The prime minister didn’t help defuse matters last week in Davos when he told international investors that his government wanted them to focus more on Canada’s resourcefulness than its resources.
“The fact is the future of our global economy will be low carbon. That is what was agreed in Paris,” he said in an interview with CBC Radio.
“So the question is how can we manage the transition, helping people to move out of one sector and business to invest in the future economy, and at the same time create the competitiveness countries will have to have in a low-carbon economy and a global marketplace.” CBC, 28 January 2016.

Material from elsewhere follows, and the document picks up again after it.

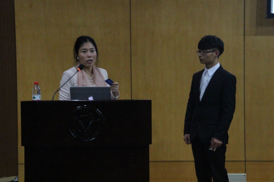 讲座在轻松的氛围中开始,王老师首先也是重点讲述了医学生白大褂的穿着。老师指出,白大衣是职业身份的象征,穿上白大衣就意味着自己要以一名医生的形象示人。她还邀请了部分同学上台展示了他们穿白大褂的方式,然后分别指出了不合适地方。老师回忆自己自从1991年行医至今,有许多发生在医院的难忘经历,而每一次经历都能使自己成长。王老师的讲座十分幽默,各种医生礼仪方面的例子也是信手拈来,给人一种莫名的亲切感,台下的气氛也非常活跃。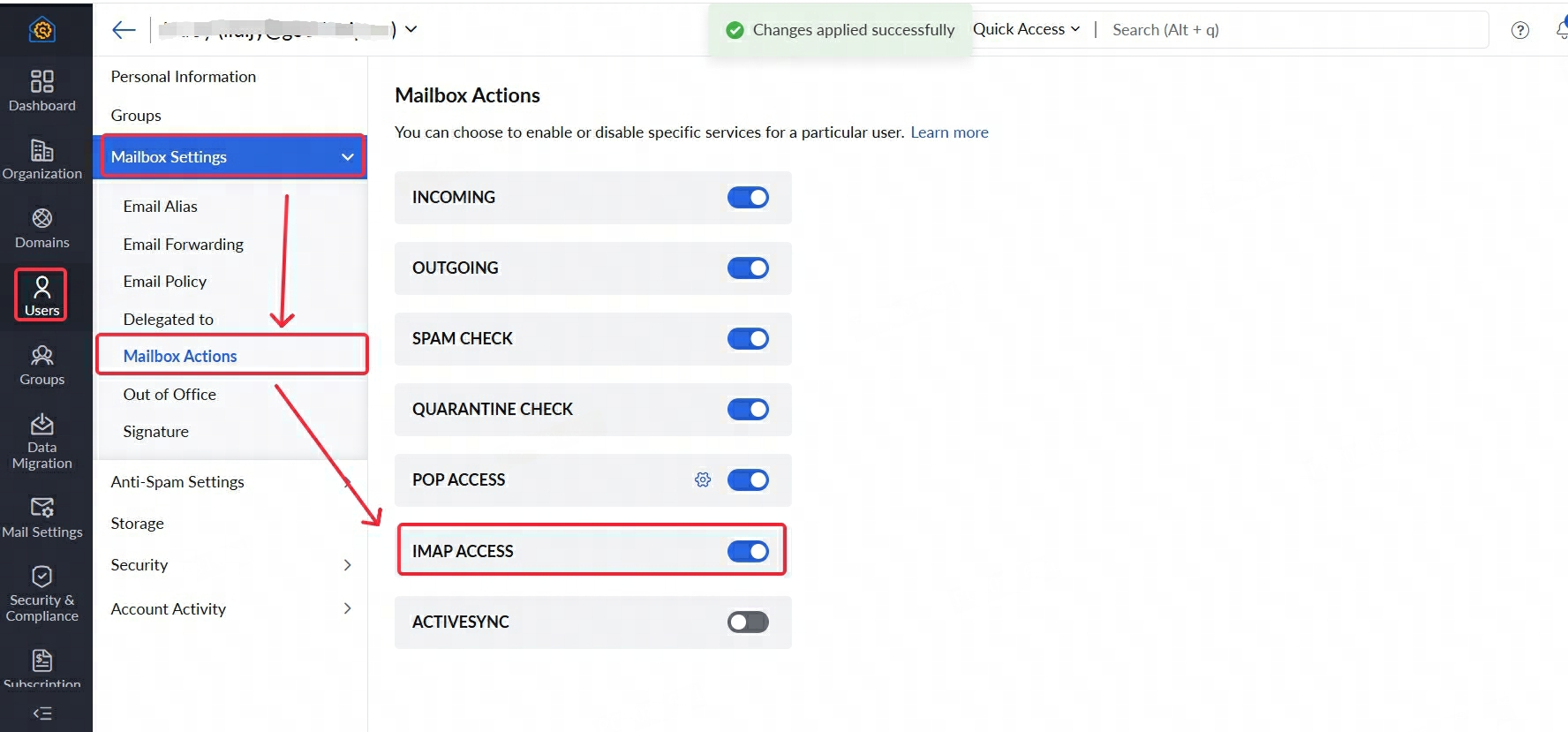 - Click Mailbox Settings, then click Mailbox Actions. Locate IMAP Access and select Enable

Canada’s new age of uncertainty regarding natural resource development was illustrated most recently by the government’s position on the Energy East pipeline, a 4,600 km pipeline that would transport about 1.1 million barrels of oil per day from Alberta and Saskatchewan to the refineries of Eastern Canada and a marine terminal in New Brunswick. Energy East Pipeline, TransCanada Corporation (NYSE:TRP), accessed Feb. 8/16.
When the prime minister was asked whether he would OK the project if it obtains approval under the new, apparently more rigorous National Energy Board (NEB) review process, he declined to affirm or speculate. On Energy East, politics beats science: Trudeau finds new ways to say “NO”, Rebel Media, Feb. 4/16.
The inference is clear: A green light under Canada’s democratic, science-based review process for energy projects may not be enough to secure federal approval.